Goal Focused Care: How To Choose The Most Appropriate Healthcare While In Hospital

Planning for the future is something many do everyday.  Healthcare is no different. Every patient has the right to participate when deciding what kind of medical care is appropriate for them. This information is being offered to help patients and families in hospital clarify healthcare related goals and make important decisions about medical treatment.

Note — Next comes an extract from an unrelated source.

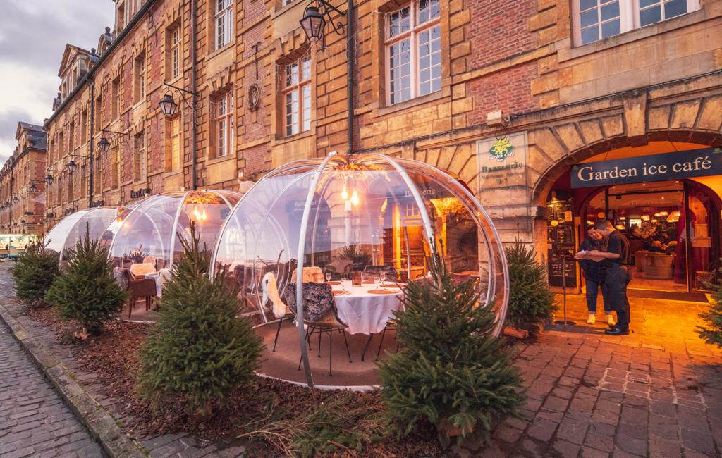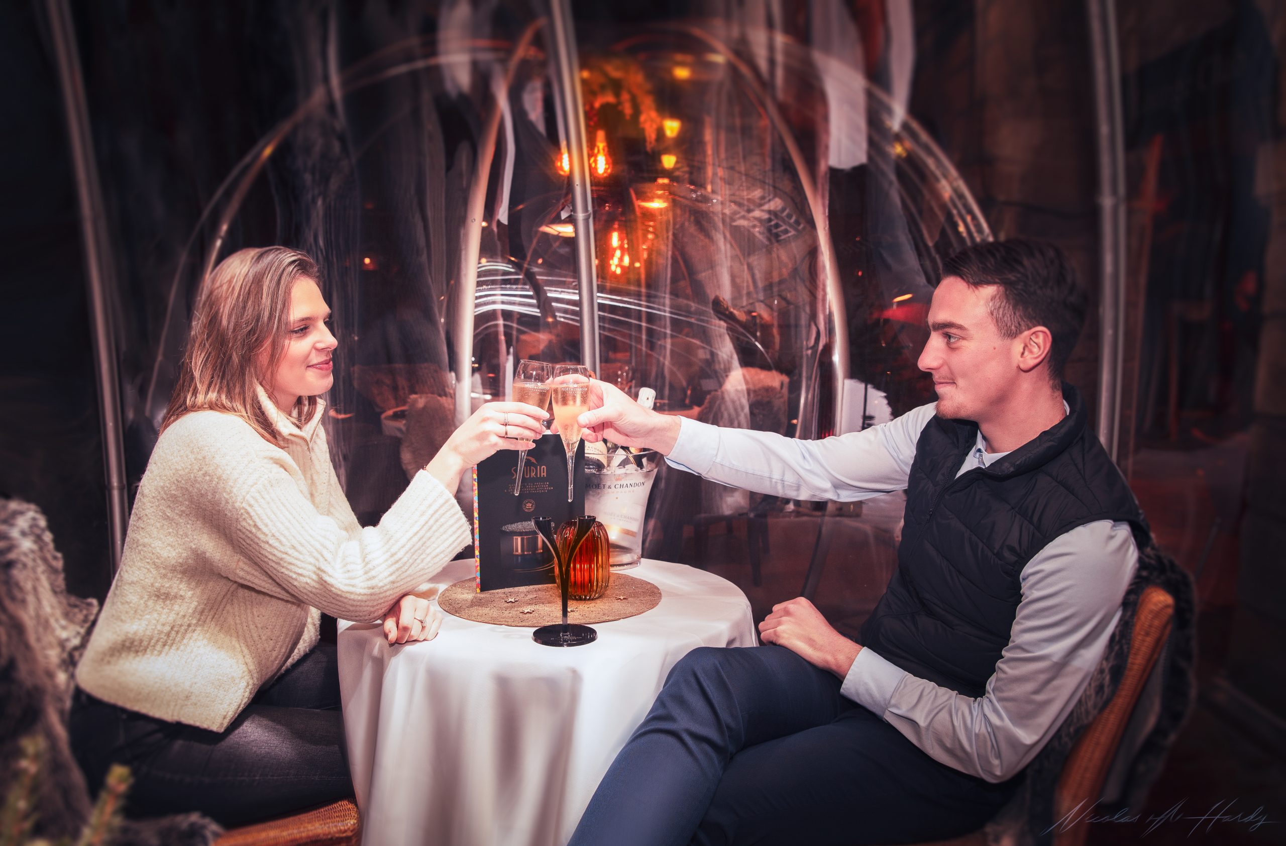Craquez pour un igloo privé à 130€/personne, comprenant votre menu, une coupe de Champagne offerte/personne et votre Love Box surprise !
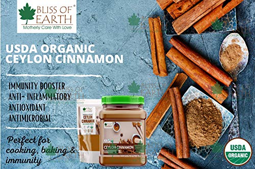 Bliss of Earth Certified Organic Ceylon Cinnamon Powder is a purer and healthier version of cinnamon. Ceylon cinnamon has a sweeter & delicate flavor than the more common Cassia cinnamon.In addition to its positive medicinal benefits ceylon cinnamon is ideal for all culinary usage.Our Ceylon Cinnamon is organically grown harvested and manually processed using traditional methods that have been used for centuries.Ceylon cinnamon known as true cinnamon is the purest form of cinnamon. Most commercial cinnamon is of the Cassia variety which has much less flavor or nutritional benefit since it contains much higher levels of coumarin. Ceylon cinnamon also has a more pleasant fragrance than the harsh pungent Cassia cinnamon. Use our pure cinnamon in your recipes and taste the difference.

How do the goals of medical care relate to your Quality of Life?
Ethically, the goals of medicine are to relieve pain, cure disease, prevent untimely death, maintain present health, educate and counsel patients about their illness and avoid harm while giving medical care. Personal goals shape our expectations and priorities allowing us to make appropriate decisions based on our health condition.  
Usually, when a person becomes sick, the goal is to ‘get better’ so a patient can return to their previous quality of life. However, for those with chronic (long term) illness, that goal may change to maintain one’s present health and a desired level of comfort. And then, for those who develop serious or terminal diseases, they usually see relief from pain and suffering as their primary healthcare goal.
Choosing a healthcare goal might seem confusing or unnecessary at first because it is simple to say that everyone wants to ‘get better’.  But, everyone’s circumstances vary and what’s important for your quality of life may be different from others; knowing ahead of time can help you decide on the most appropriate healthcare goal – so that you don’t receive treatments you don’t want.  For example, you may feel that being on a breathing machine permanently is not the way to live the rest of your life and therefore this would not be your idea of a good quality of life.
One definition of quality of life is:  finding an acceptable way to live in the most independent way possible with the least amount of suffering.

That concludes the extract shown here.